OPEC is expected to push the Brent crude oil forward curve into backwardation, resulting in lower refining margins, lower prices for shale producers, and reduced downside oil price risks, Bank of America Merill Lynch said in a new report.
Pursuing oil backwardation will likely reduce refining margins as the cartel looks to “recapture dollars away from refiners,” analysts at BofA pointed out. OPEC produces about 33.5 million barrels per day (mbd) of crude but only refines 9.2 mbd.
Moreover, backwardation could squeeze forward oil sellers like shale oil producers or even non-OPEC governments like Mexico.
“With crude timespreads remaining in contango for two years now, spot sellers in the cartel have suffered the downturn more so than forward sellers,” the report said, noting that forward sellers in fact have benefitted in relative terms, as 12 and 24-month forward prices have averaged $5.6/bbl and $8.9/bbl above spot during the past two years, respectively.
Additionally, downside risks are easier to manage in backwardation – a crucial factor for producers like Saudi Arabia, which has burnt through $180 billion in foreign exchange reserves since oil prices began to tumble.
OPEC, therefore, has historically favored backwardation as it makes crude markets easier to price-manage, allowing producers to capture revenues from refiners, and enabling spot sellers to capture revenues from forward sellers.
“It should thus come as no surprise that Brent has spent 54 percent of the time in backwardation during the past three decades. Meanwhile, WTI, a landlocked regional market where OPEC's influence is much less visible, has spent only about 45 percent of the time in backwardation,” the report said.

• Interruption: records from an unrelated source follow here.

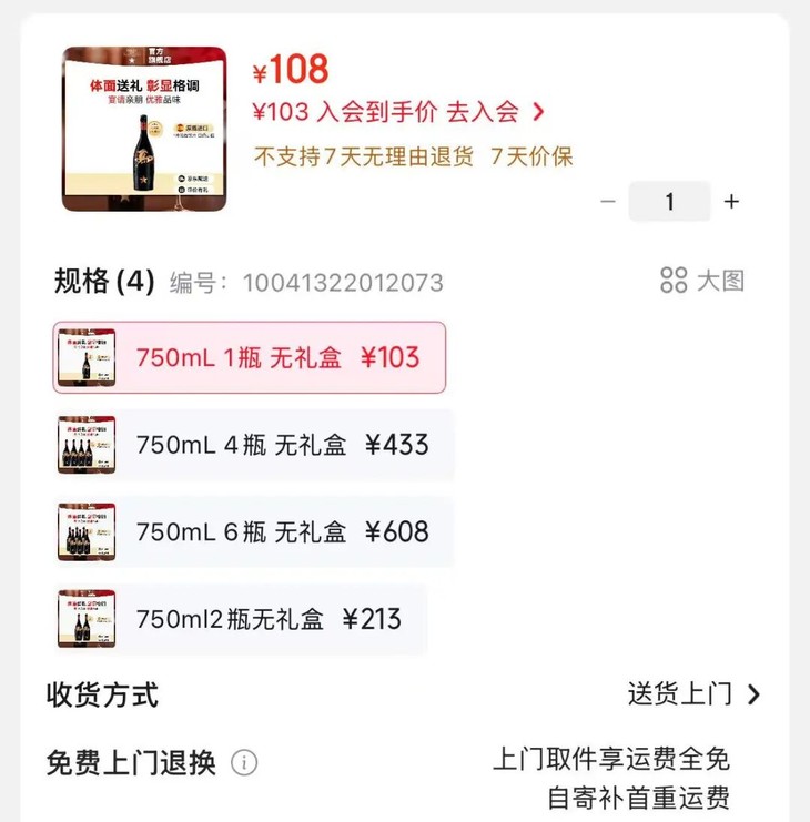 我们新先聚品带来独家特惠!单瓶官方价103元,我们8折89元!2瓶213,我们75折168、6瓶官方价608,我们7折468、整箱12瓶京东价1236元,我们65折799元!相当于一瓶才66!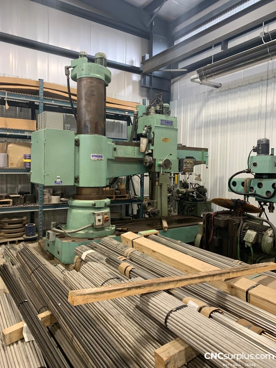 1990 Stanko 2A576 Radial Arm Drilling Machine, 117" Arm Length, Hydraulic Preselect Speed Control, Spindle Feed Adjustable Clutch W/ Depth Stop, Pressurized Pump Lubrication System, Large T-Slotted Base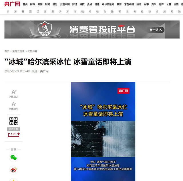 接连报道哈尔滨冰雪大世界采冰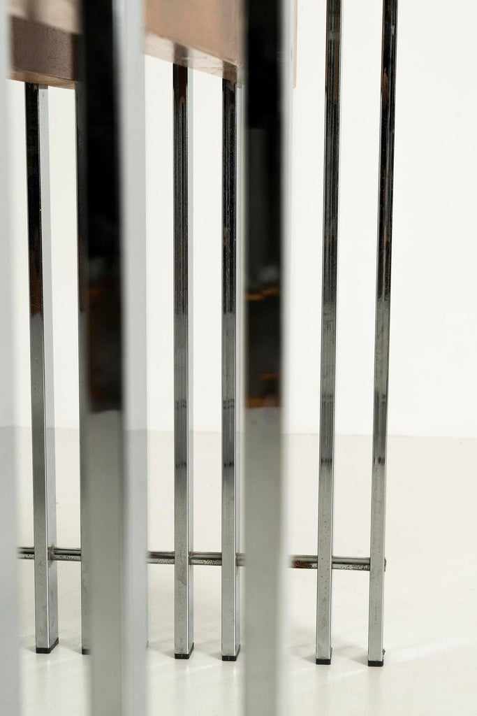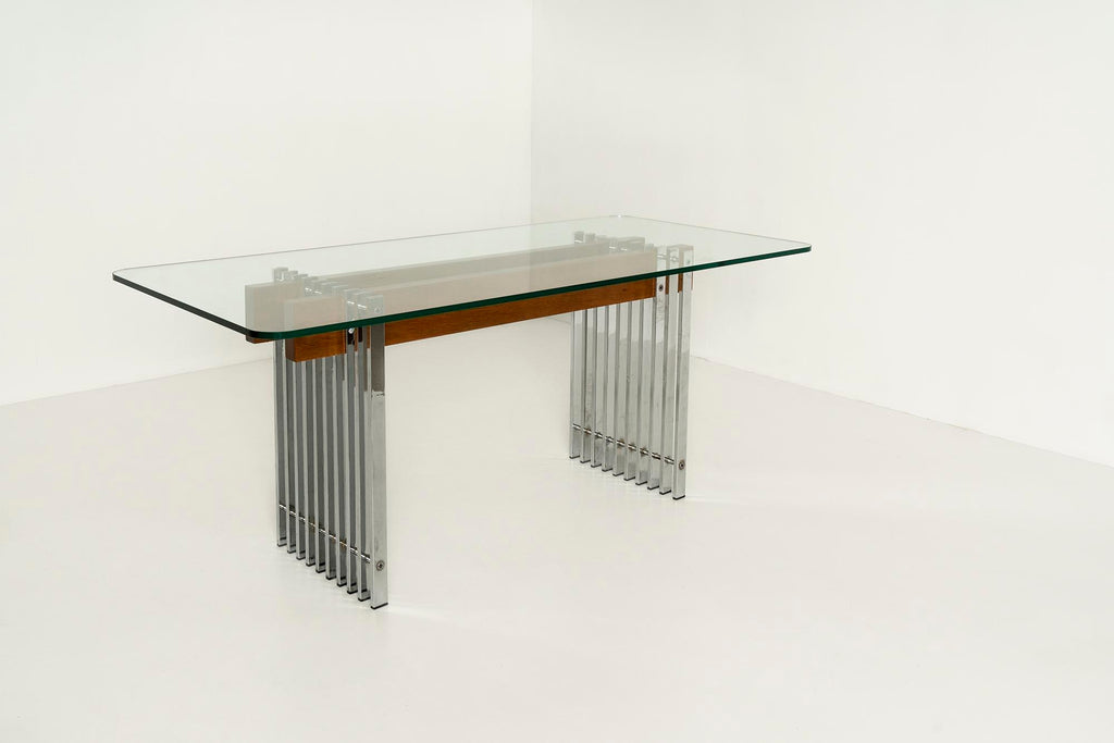 이 아름다운 1970년대 이탈리아 식탁에는 목재, 금속 및 유리 소재가 유쾌한 비율로 결합되어 있습니다. 테이블의 금속 다리는 10개의 연결된 막대 구조로 구성되어 있습니다. 가운데에는 균형 잡힌 두 개의 티크 목재 들보가 있는데, 이 들보가 막대 구조로 지지되고 있습니다. 그 위에는 이 테이블의 형태 언어에서 나무 기둥과 금속 다리의 직선에 대한 좋은 대답을 제공하는 멋지게 둥근 유리 상판이 놓여 있습니다. 솔직한 성격으로 이 테이블은 다양한 인테리어 스타일의 자산이 될 것입니다. 이 테이블을 만들 때 그들은 비율뿐만 아니라 외관도 고려했습니다. 강한 재료는 기교를 느끼게 합니다. 상태 매우 양호하며 세월의 흔적과 사용감이 일치합니다. 프레임에 작은 흠집과 얼룩이 보이지만 인상적인 식탁의 외관에는 영향을 미치지 않습니다.

But while Saudi Arabia and other OPEC members would be better off if the market moved into backwardation, challenges remain, like high product inventories across the OECD.
“Backwardation will most likely not occur unless total OECD oil stocks draw by at least 150 to 200 million barrels,” BofA said, noting however, that the "clean up" process has already begun, and OECD crude stocks have been on the decline for a few months.
Still, Saudi Arabia will likely have to “maintain some degree of production discipline” within the cartel to reduce global stocks, the report said.
“Since production discipline starts at home, Saudi stocks will remain a key variable to watch as the market rebalances.”